Underc0de - La Casa de los Informáticos

Una grave vulnerabilidad de seguridad recientemente revelada en 7-Zip, uno de los gestores de archivos más utilizados del mundo, está siendo aprovechada activamente por actores maliciosos, según un aviso publicado por NHS England Digital. El fallo, identificado como CVE-2025-11001 y con una puntuación CVSS de 7.0, permite que atacantes remotos ejecuten código arbitrario en sistemas vulnerables. Esta situación ha encendido las alarmas entre organizaciones y expertos en ciberseguridad, ya que 7-Zip es ampliamente empleado tanto en entornos corporativos como domésticos.

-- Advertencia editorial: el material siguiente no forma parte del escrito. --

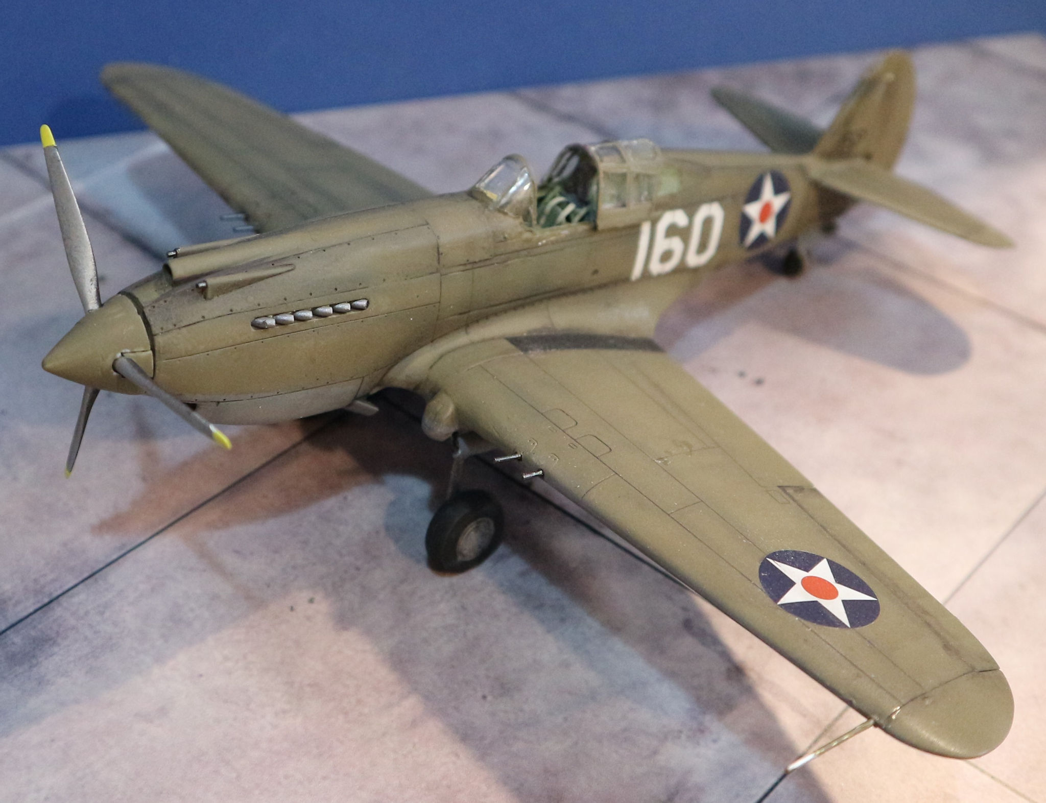 The P-40 was fitted with an Allison V-1710 V-12 engine giving a top speed of 334mph. It was quite well armed with six 0.5 Browning machine guns and could cary a modest bomb load of about 900Kg on three hardpoints.

La vulnerabilidad ha sido corregida en la versión 7-Zip 25.00, lanzada en julio de 2025. Sin embargo, millones de usuarios continúan utilizando versiones anteriores sin actualizar, lo que expone a empresas y particulares a posibles ataques dirigidos.

Un fallo crítico originado por el manejo incorrecto de enlaces simbólicos

Según la Zero Day Initiative (ZDI) de Trend Micro, el origen del problema reside en el manejo de enlaces simbólicos dentro de archivos ZIP. Esta validación incorrecta puede provocar que el proceso de extracción acceda a directorios no intencionados, permitiendo que un atacante manipule rutas y ejecute código con privilegios elevados.

En términos simples, un atacante solo necesita crear un archivo ZIP especialmente manipulado para lograr que 7-Zip ejecute comandos maliciosos, comprometa el sistema o tome control del entorno donde se ejecuta.

La ZDI advirtió que el fallo permite:

• Acceso a rutas fuera de los directorios previstos
• Escalada de privilegios en determinados escenarios
• Ejecución de código en el contexto de una cuenta de servicio

Este tipo de vectores es especialmente atractivo para actores maliciosos, ya que las herramientas de compresión son utilizadas masivamente y suelen ser consideradas de bajo riesgo, lo que facilita su explotación sin generar sospechas tempranas.

Investigadores responsables del hallazgo

La vulnerabilidad fue descubierta por Ryota Shiga, de GMO Flatt Security Inc., junto con Takumi, el auditor de seguridad impulsado por inteligencia artificial de la compañía. Su trabajo permitió identificar tanto CVE-2025-11001 como otra vulnerabilidad relacionada: CVE-2025-11002, también con una puntuación CVSS de 7.0.

Ambos fallos fueron introducidos accidentalmente en la versión 7-Zip 21.02, lo que significa que todos los usuarios que hayan instalado esta versión o posteriores —hasta la 24.xx— se encuentran en riesgo si no actualizan a la versión 25.00 o superior.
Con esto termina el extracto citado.